_REQUIREMENT:_ When copying the entries below, leave out every picture and keep the rest exact.

--- RAW DATA Enclosed Below ---

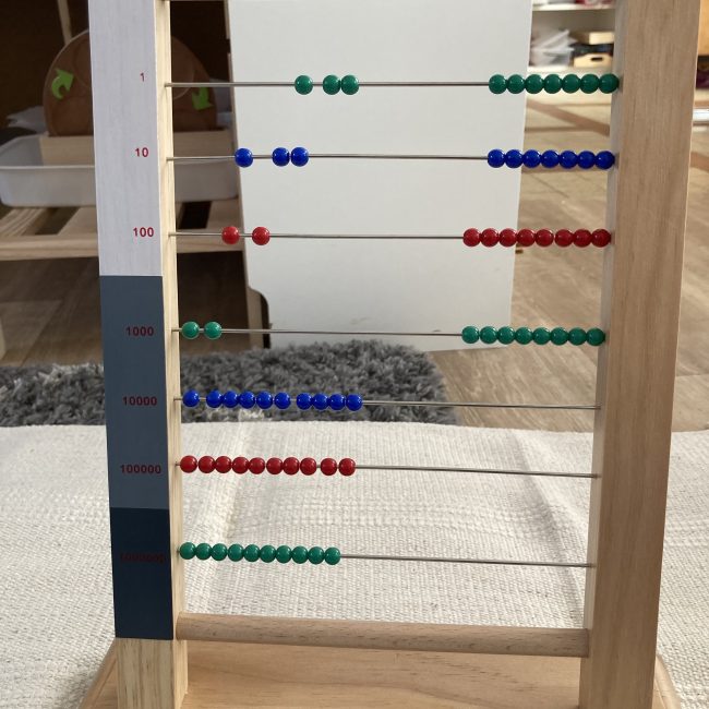Au programme de cette semaine, le grand boulier Montessori.
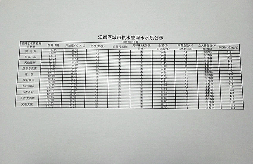 2017年12月江都區城市供水管網水水質公示
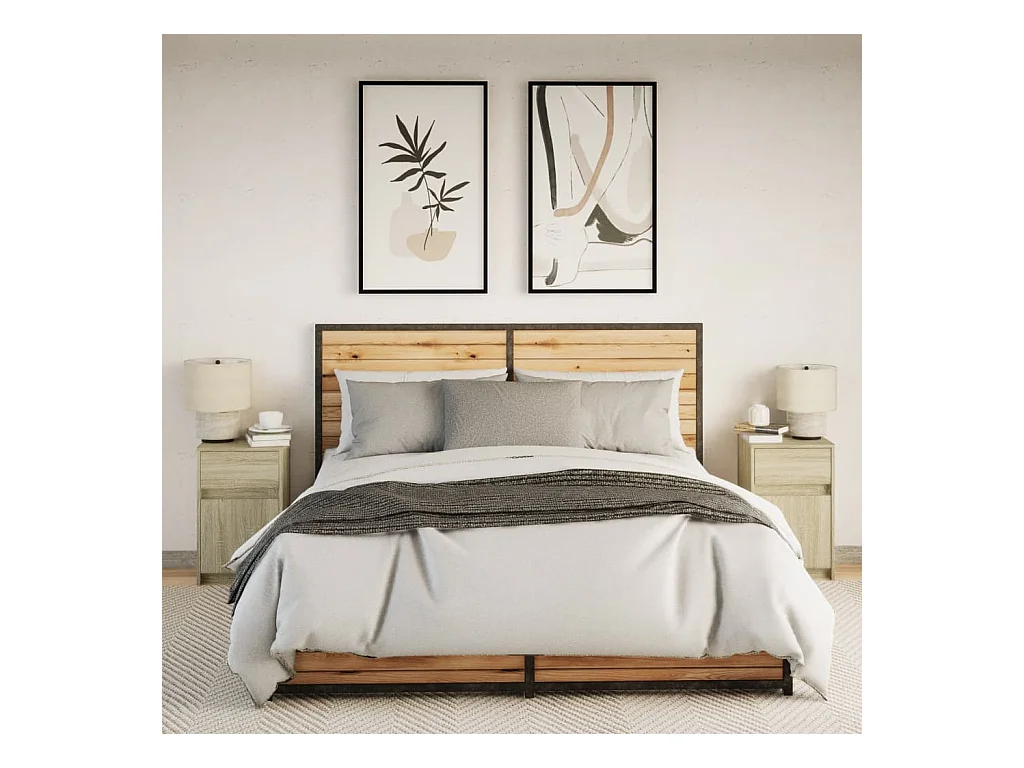 2-teiliger Nachttisch und LED-Leuchten, Sonoma-Eiche
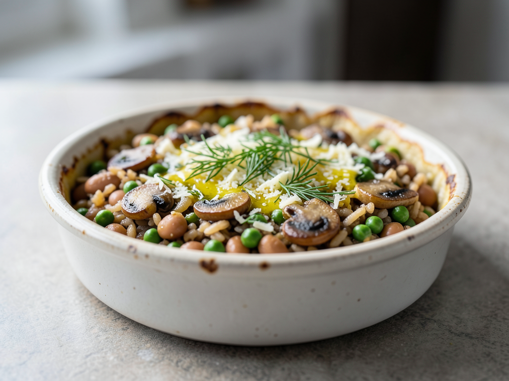 - In a mixing bowl, combine the cooked rice with the bean mixture until evenly mixed. Transfer to a baking dish and smooth the top.
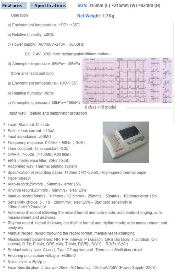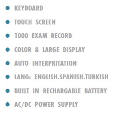 The EKG 6012 is a 3/6-Channel ECG with built in rechargeable battery and 7” Touch screen. It is an easy-to-use medical device especially designed for recording, measurement and interpretation of resting ECGs. The EKG 6012 will be delivered completely with 10 lead patient cable with 4mm banana connector, 6 pcs. chest suction electrodes, 4 pcs. limb electrodes and ground cable. Optional accessories: 10-lead patient cable with snaps for use with disposable ECG electrodes

--- End of Enclosed RAW DATA ---

_SOLUTION BELOW:_
Au programme de cette semaine, le grand boulier Montessori.
 2017年12月江都區城市供水管網水水質公示
 2-teiliger Nachttisch und LED-Leuchten, Sonoma-Eiche
 - In a mixing bowl, combine the cooked rice with the bean mixture until evenly mixed. Transfer to a baking dish and smooth the top.
 The EKG 6012 is a 3/6-Channel ECG with built in rechargeable battery and 7” Touch screen. It is an easy-to-use medical device especially designed for recording, measurement and interpretation of resting ECGs. The EKG 6012 will be delivered completely with 10 lead patient cable with 4mm banana connector, 6 pcs. chest suction electrodes, 4 pcs. limb electrodes and ground cable. Optional accessories: 10-lead patient cable with snaps for use with disposable ECG electrodes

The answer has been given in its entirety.